They may need to be resent, since I'm not sure there is a single patch
series that contains all the patches.

--Steve
Kalra, Ashish Aug. 18, 2021, 12:04 a.m. UTC | #3
Hello Steve,

On Tue, Aug 17, 2021 at 03:50:22PM -0700, Steve Rutherford wrote:
> On Tue, Jun 29, 2021 at 8:14 AM Ashish Kalra <Ashish.Kalra@amd.com> wrote:
> >
> > From: Ashish Kalra <ashish.kalra@amd.com>
> >
> > Reset the host's shared pages list related to kernel
> > specific page encryption status settings before we load a
> > new kernel by kexec.
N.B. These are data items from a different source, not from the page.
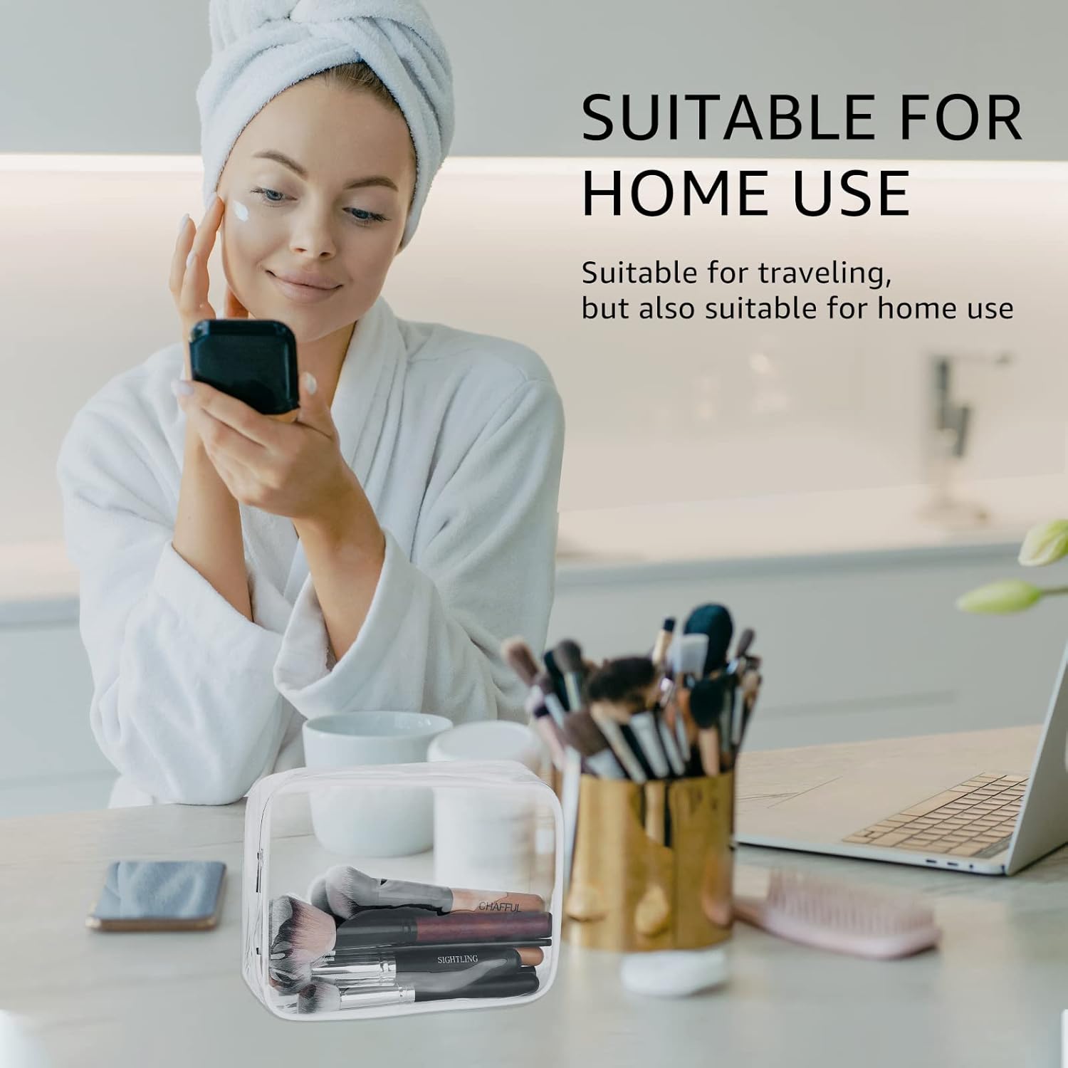 • Improved 0.6mm thickened transparent PVC material, softer and more pliable, durable and reusable; 3 PACKS 3 DIFFERENT SIZES: 1x Large clear toiletry bag (11.8" x 3.9" x 8.7"), 1x Medium clear makeup bag (9.5" x 1.9" x 7.9"), 1x Small clear cosmetic bag (7" x 1.6" x 5.5")
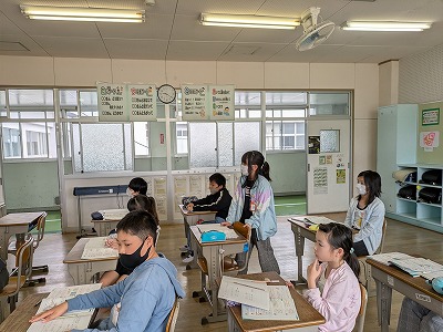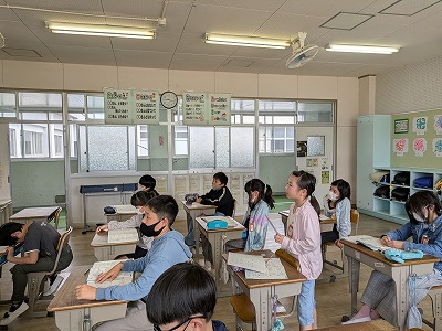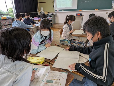 5年松組の算数の様子です。小数のかけ算の仕方の学習をしていました。
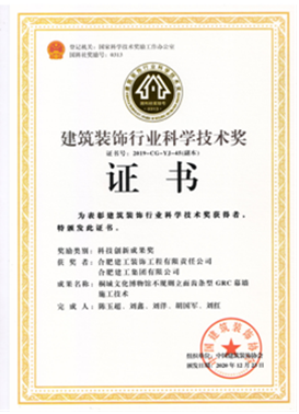 自2019年評(píng)選以來(lái),公司申報(bào)的“安徽(中國(guó))桐城文化博物館”項(xiàng)目斬獲科技創(chuàng)新工程獎(jiǎng)一項(xiàng),總結(jié)形成的施工技術(shù)成果“不規(guī)則立面齒條型GRC幕墻施工技術(shù)”獲得科技創(chuàng)新成果獎(jiǎng)一項(xiàng),走在安徽省內(nèi)裝飾行業(yè)的前沿。之后相繼獲得兩項(xiàng)科技創(chuàng)新工程獎(jiǎng):合肥市第六十八中學(xué)改擴(kuò)建項(xiàng)目-綜合樓工程,六安市兒童醫(yī)院、金安區(qū)婦幼保健院醫(yī)療病房綜合樓裝飾裝修工程;兩項(xiàng)科技創(chuàng)新成果獎(jiǎng):“一種可開(kāi)啟180度的裝飾消火栓暗門(mén)”,“ 基于3D建模技術(shù)高支模結(jié)構(gòu)與裝飾結(jié)構(gòu)共用盤(pán)扣腳手架安裝技術(shù)”。其中“一種可開(kāi)啟180度的裝飾消火栓暗門(mén)”科技創(chuàng)新成果更是獲得一等獎(jiǎng)的好成績(jī)。
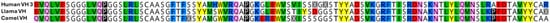 Alignment of the consensus VH sequences from human, llama, and camel (IMGT). The colors are from the Clustal alignment rules. Red for negative charge, blue for positive charge, yellow for aromatic, green for hydrophobic, and pink for polar uncharged amino acid residues.
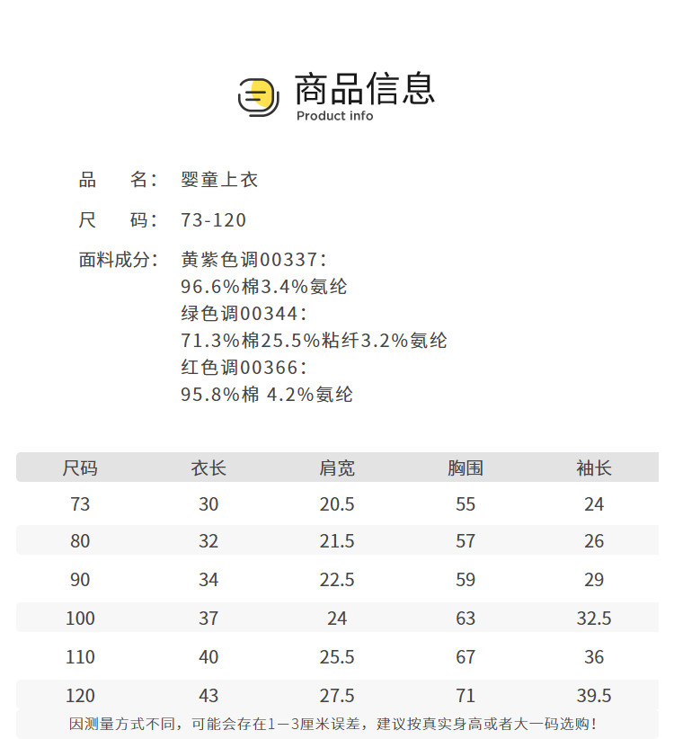 | 尺码 | 衣长(cm) | 肩宽(cm) | 身高(cm) | 袖长(cm) | 适合年龄 | 胸围(cm) | 号型 |
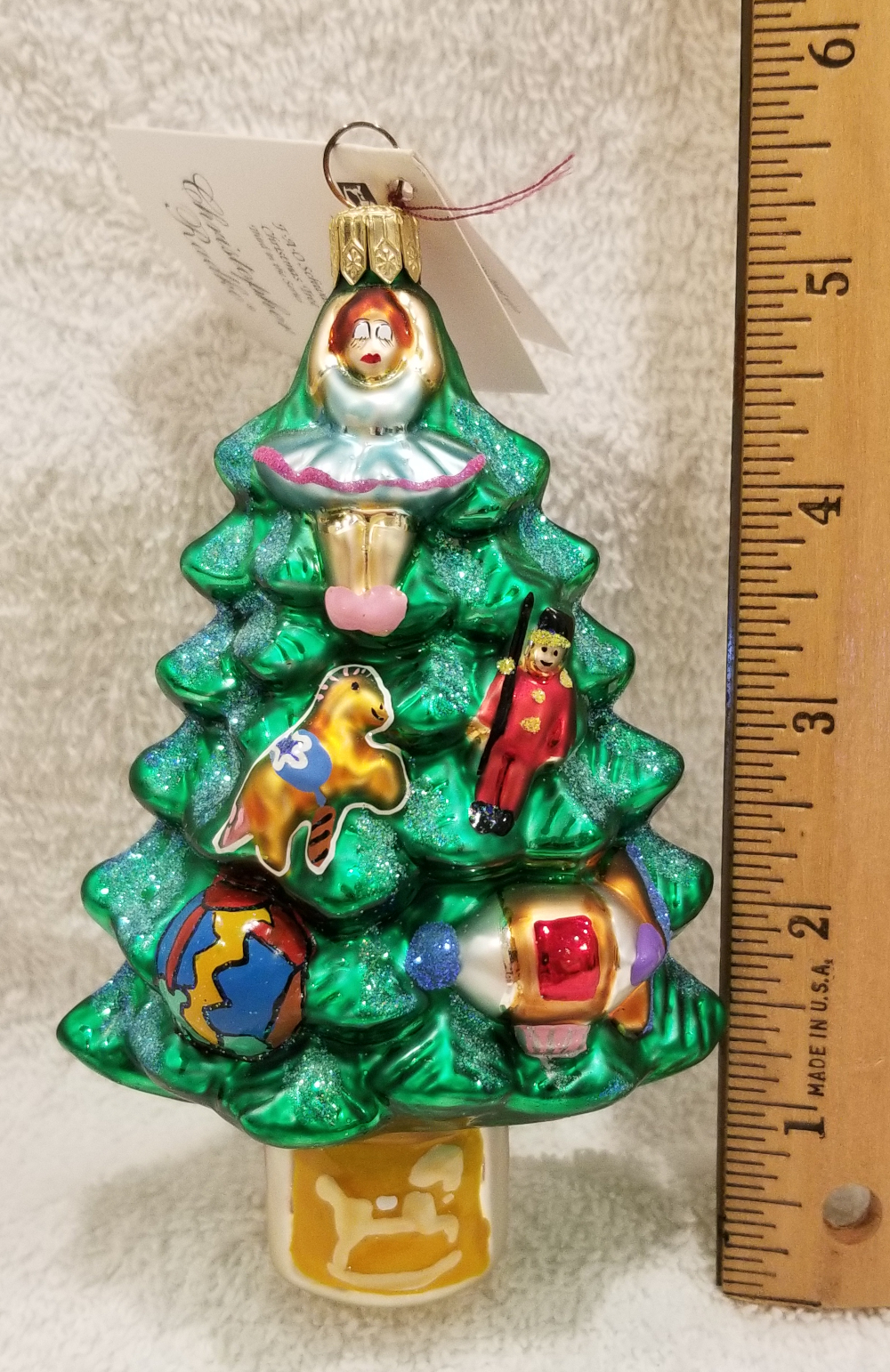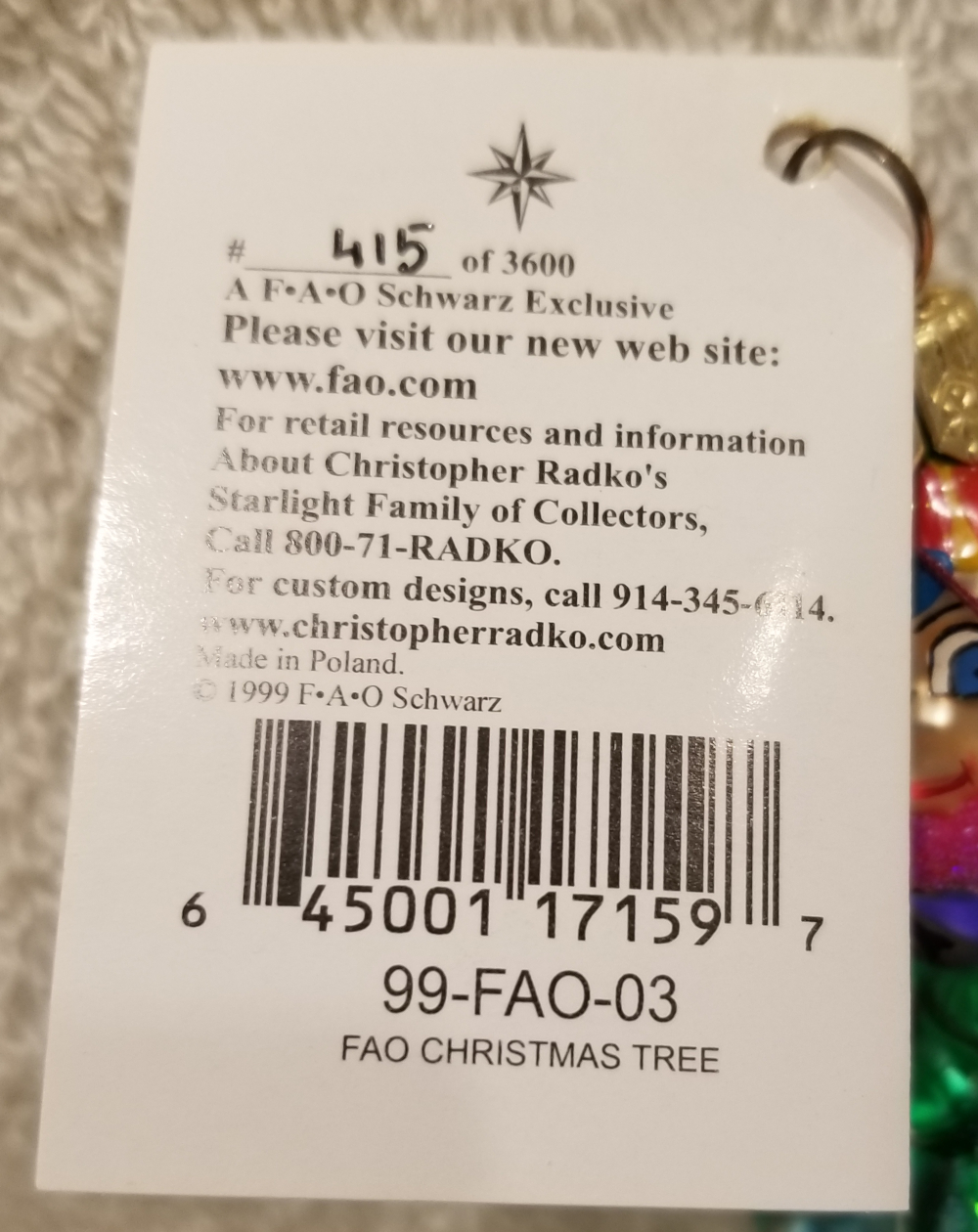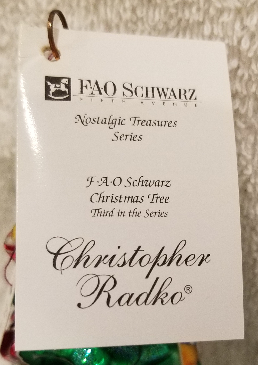 | Today I'm listing another FAO Schwarz Radko LIMITED-EDITION exclusive. FAO Christmas Tree, Radko number 99-FAO-03. This beautiful tree is adorned with a ballerina, soldier, ball train and many more ornaments. It is number 415 of only 3600 produced. The original paper tag is included. I'm asking $35 plus shipping via Pirate Ship. |
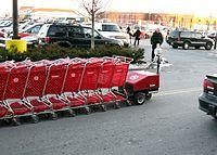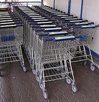 Electronic systems are sometimes used by retailers. Each shopping cart is fitted with an electronic locking wheel clamp, or "boot".[32] A transmitter with a thin wire is placed around the perimeter of the parking lot, and the boot locks when the cart leaves the designated area. Store personnel must then deactivate the lock with a handheld remote control to return the cart to stock. Often, a line is painted in front of the broadcast range to warn customers that their cart will stop when rolled past the line. However, these systems are very expensive to install and although helpful, are not foolproof. The wheels can be lifted over the electronic barrier and/or pushed hard enough that the locks break.[30][33] There are also safety concerns if the person pushing the trolley is running, and also if the trolley doesn't lock and is taken onto a road, locking due to magnetic materials under the road. Some cities have required retailers to install locking wheel systems on their shopping carts. In some cases, electronic systems companies have encouraged passage of such laws to create a captive audience of potential customers.[34]
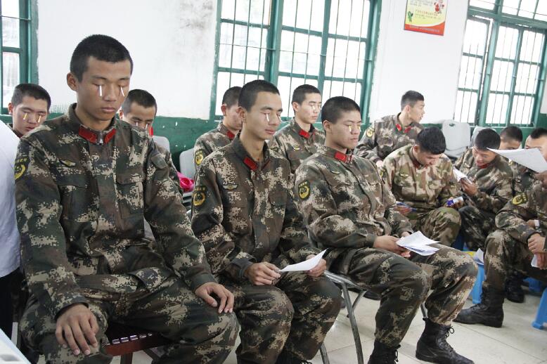 武警排隊(duì)接受眼睛檢查
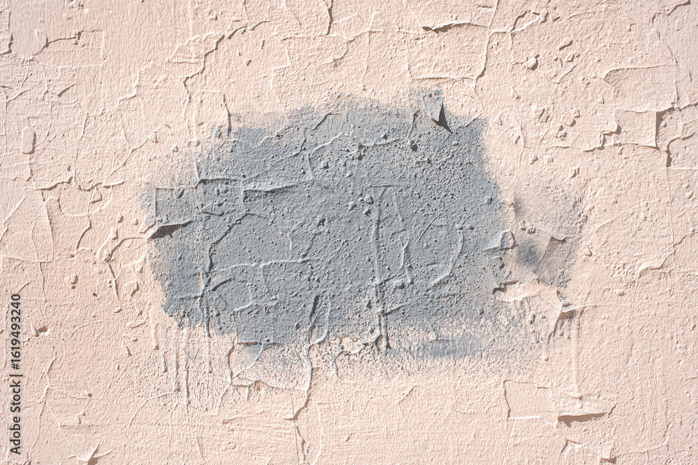 Center gray paint patch with visible cracks on wall texture
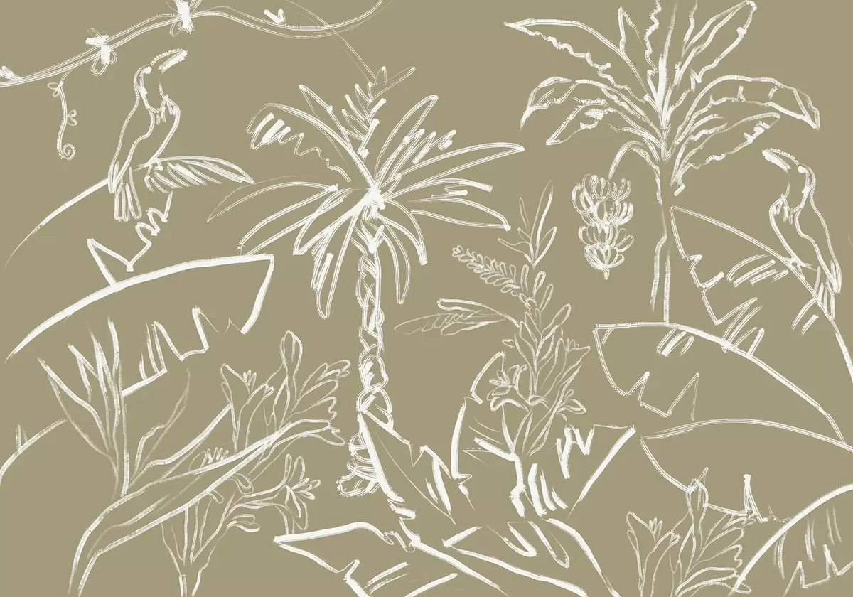 Murais de parede Padrão tropical sobre fundo castanho azeitona, palmeiras, bananas Nr. w04020v3
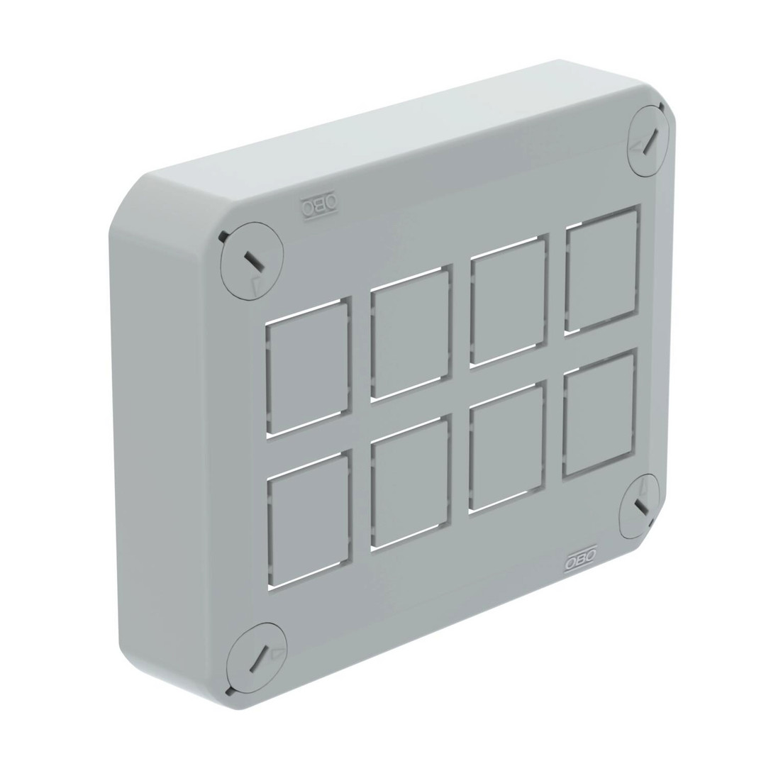 Steckbarer Deckel zum Verschließen von Kabelabzweigkästen, ausgestattet mit 8 Ausbrechöffnungen für DATA-Systeme auf Keystone-Basis. Mit Schnellverschluss im Deckel, plombierbar. Halogenfreies Material, UV-resistent. Flammwidrig nach DIN EN 60695-2-11, Prüftemperatur 650°C. Schlagfestigkeit IK07 bei Raumtemperatur. Schutzart IP30.
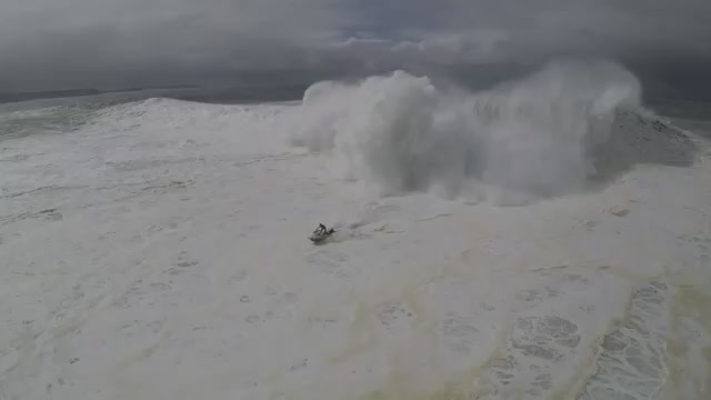 Гигантская волна накрыла серфера и спасательный гидроцикл
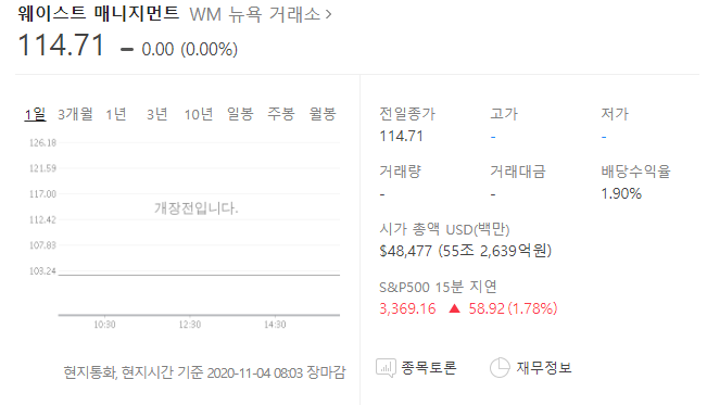 웨이스트매니지먼트사는 꾸준히 성장하는 모습을 보여준다.
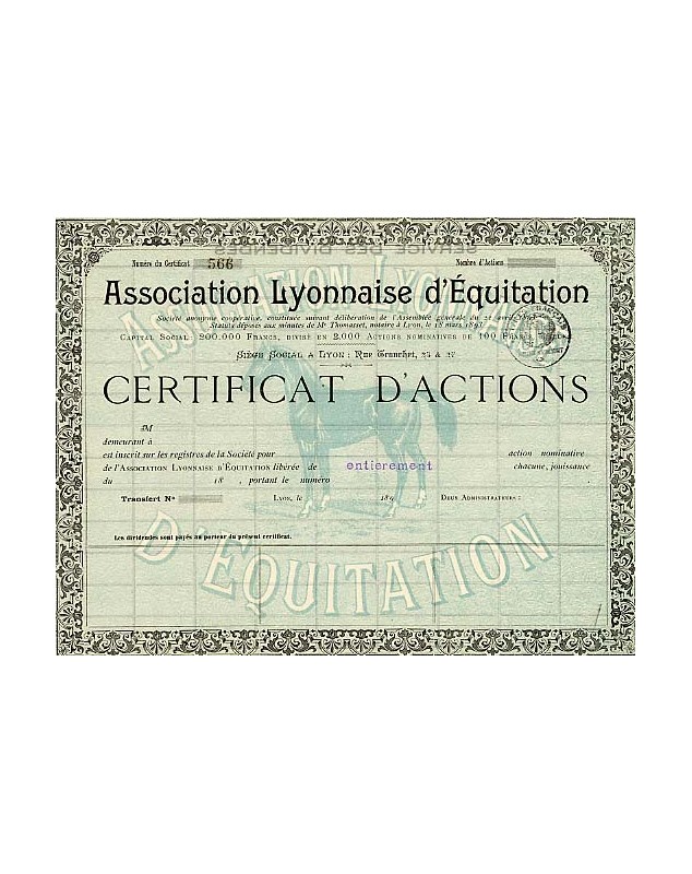 Share Certificate - Lyon 1893. Illustrated with a horse

We cannot reset the complete
> > shared pages list here as we need to retain the
> > UEFI/OVMF firmware specific settings.
> >
> > The host's shared pages list is maintained for the
> > guest to keep track of all unencrypted guest memory regions,
> > therefore we need to explicitly mark all shared pages as
> > encrypted again before rebooting into the new guest kernel.
> >
> > Signed-off-by: Ashish Kalra <ashish.kalra@amd.com>
> > ---
> >  arch/x86/kernel/kvm.c | 25 +++++++++++++++++++++++++
> >  1 file changed, 25 insertions(+)
> >
> > diff --git a/arch/x86/kernel/kvm.c b/arch/x86/kernel/kvm.c
> > index a014c9bb5066..a55712ee58a1 100644
> > --- a/arch/x86/kernel/kvm.c
> > +++ b/arch/x86/kernel/kvm.c
> > @@ -869,10 +869,35 @@ static void __init kvm_init_platform(void)
> >         if (sev_active() &&
> >             kvm_para_has_feature(KVM_FEATURE_MIGRATION_CONTROL)) {
> >                 unsigned long nr_pages;
> > +               int i;
> >
> >                 pv_ops.mmu.notify_page_enc_status_changed =
> >                         kvm_sev_hc_page_enc_status;
> >
> > +               /*
> > +                * Reset the host's shared pages list related to kernel
> > +                * specific page encryption status settings before we load a
> > +                * new kernel by kexec. Reset the page encryption status
> > +                * during early boot intead of just before kexec to avoid SMP
> > +                * races during kvm_pv_guest_cpu_reboot().
> > +                * NOTE: We cannot reset the complete shared pages list
> > +                * here as we need to retain the UEFI/OVMF firmware
> > +                * specific settings.
> > +                */
> > +
> > +               for (i = 0; i < e820_table->nr_entries; i++) {
> > +                       struct e820_entry *entry = &e820_table->entries[i];
> > +
> > +                       if (entry->type != E820_TYPE_RAM)
> > +                               continue;
> > +
> > +                       nr_pages = DIV_ROUND_UP(entry->size, PAGE_SIZE);
> > +
> > +                       kvm_hypercall3(KVM_HC_MAP_GPA_RANGE, entry->addr,
> > +                                      nr_pages,
> > +                                      KVM_MAP_GPA_RANGE_ENCRYPTED | KVM_MAP_GPA_RANGE_PAGE_SZ_4K);
> > +               }
> > +
> >                 /*
> >                  * Ensure that _bss_decrypted section is marked as decrypted in the
> >                  * shared pages list.
> > --
> > 2.17.1
> >
> I believe this entire series has been reviewed. Is there any appetite
> to queue these for 915?
> They may need to be resent, since I'm not sure there is a single patch
> series that contains all the patches.
> 

I believe that there are couple or more patches still pending an ACK.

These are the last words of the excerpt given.